US manufacturing sector nears recovery; construction spending solid
WASHINGTON – U.S. manufacturing took a step further towards recovery in September as production picked up and employment rebounded, according to a survey on Monday that also showed prices paid for inputs by factories falling considerably.
The third straight month of improvement reported by the Institute for Supply Management (ISM) strengthened economists’ expectations that economic growth accelerated in the third quarter, despite higher interest rates. That was reinforced by a Commerce Department report showing construction spending was solid in August, driven by the building of houses and factories.
The economy‘s continued resilience raises hope that a recession could be averted in the near term.
“The soft landing narrative still holds as we enter the final quarter of 2023,” said Jennifer Lee, a senior economist at BMO Capital Markets in Toronto.
The ISM said that its manufacturing PMI increased to 49.0 last month, the highest reading since November 2022, from 47.6 in August. Still, September marked the 11th straight month that the PMI remained below 50, which indicates contraction in manufacturing. That is the longest such stretch since the 2007-2009 Great Recession.
Economists polled by Reuters had forecast the index edging up to 47.7. Last month’s rise pulled the PMI above the 48.7 level that the ISM says over time indicates an expansion of the overall economy. Growth estimates for the third quarter are as high as a 4.9-percent annualized rate. The economy grew at a 2.1-percent pace in the April-June quarter.
A survey from S&P Global also struck a fairly optimistic note on manufacturing.
Five manufacturing industries in the ISM survey reported growth last month, including textile mills and primary metals.
Among the 11 industries reporting contraction were computer and electronic products, machinery, as well as electrical equipment, appliances and components.
Comments from respondents in the survey remained mixed. Makers of transportation equipment said “orders and production remain steady, and we are maintaining a healthy backlog.”
Manufacturers of miscellaneous goods said they were keeping an eye on the Panama Canal drought, U.S.-China relations, and the impact the United Auto Workers strike on the supply chains. They, however, viewed overall conditions as “stable.”
Apparel, leather and allied products makers described markets as “soft,” while primary metals producers said “business conditions and market demand remain strong,” and they “projected to be at capacity in the next 12 months.” Petroleum and coal products manufacturers said “a recession feels imminent.”

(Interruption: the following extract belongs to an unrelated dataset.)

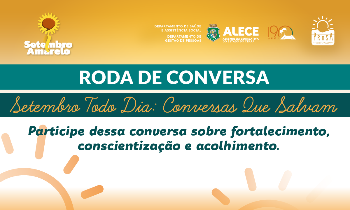 As ações do Setembro Amarelo não param na Assembleia Legislativa do Estado do Ceará (Alece). O Departamento de Gestão de Pessoas (DGP), por meio do Programa de Reflexão sobre o Amanhã (Prosa), realiza...

Stocks on Wall Street were higher. The dollar rose against a basket of currencies. U.S. Treasury prices fell.
New orders improve
While the PMIs and other business surveys have painted a grim picture of manufacturing, which accounts for 11.1 percent of the economy, so-called hard data have suggested that the sector continues to chug along.
Orders for long-lasting manufactured goods increased 4.2 percent year-on-year in August and business spending on equipment appears to have remained strong in the third quarter after rebounding in the April-June period.
The ISM survey’s forward-looking new orders sub-index increased to 49.2 last month from 46.8 in August. With new orders improving, production at factories accelerated. The production index increased to 52.5 from 50.0 in the prior month.
But the average commitment lead time for capital expenditures increased by two days.
“This compares to an average of 139 days in over the period 2015-2019, indicating that it still takes a long time to order, obtain, and install business equipment,” said Conrad DeQuadros, senior economic adviser at Brean Capital in New York.
Though backlog orders shrank, inventories at factories and their customers remained very low, which should support future production. Delivery performance of suppliers to manufacturers improved for the 12th straight month. This, together with still- sluggish demand, helped to depress prices for factory inputs.
The survey’s measure of prices paid by manufacturers fell to 43.8 from 48.4 in August. This bodes well for goods disinflation, but the striking auto workers could boost prices of motor vehicles. Rising energy prices could drive inflation higher, but also support manufacturing.
“High oil prices may present headwinds for some parts of the economy and not every manufacturer celebrates higher prices for crude, but on balance high oil prices are associated with brisk activity in manufacturing,” said Tim Quinlan, a senior economist at Wells Fargo in Charlotte, North Carolina.
Factory employment improved further after slumping to three-year lows in July. The survey’s gauge of factory employment rose to 51.2 last month from 48.5 in August.
“Attrition remained the primary source of head-count reductions, but hiring freezes were more prevalent,” said Timothy Fiore, Chair of the ISM Manufacturing Business Survey Committee.
A separate report from the Commerce Department showed construction spending increased 0.5 percent in August after rising 0.9 percent in July, lifted by outlays on single- and multi-family housing. But with mortgage rates near 23-year highs, momentum could slow.
Construction spending jumped 7.4 percent on a year-on-year basis in August. Spending on private construction projects rose 0.5 percent, with investment in residential construction advancing 0.6 percent after increasing 1.6 percent in the prior month. Private construction spending gained 1.2 percent in July.
Spending on private non-residential structures like factories climbed 0.3 percent in August. Spending on manufacturing construction projects shot up 1.2 percent amid efforts by the Biden administration to bring semiconductor manufacturing back to the United States.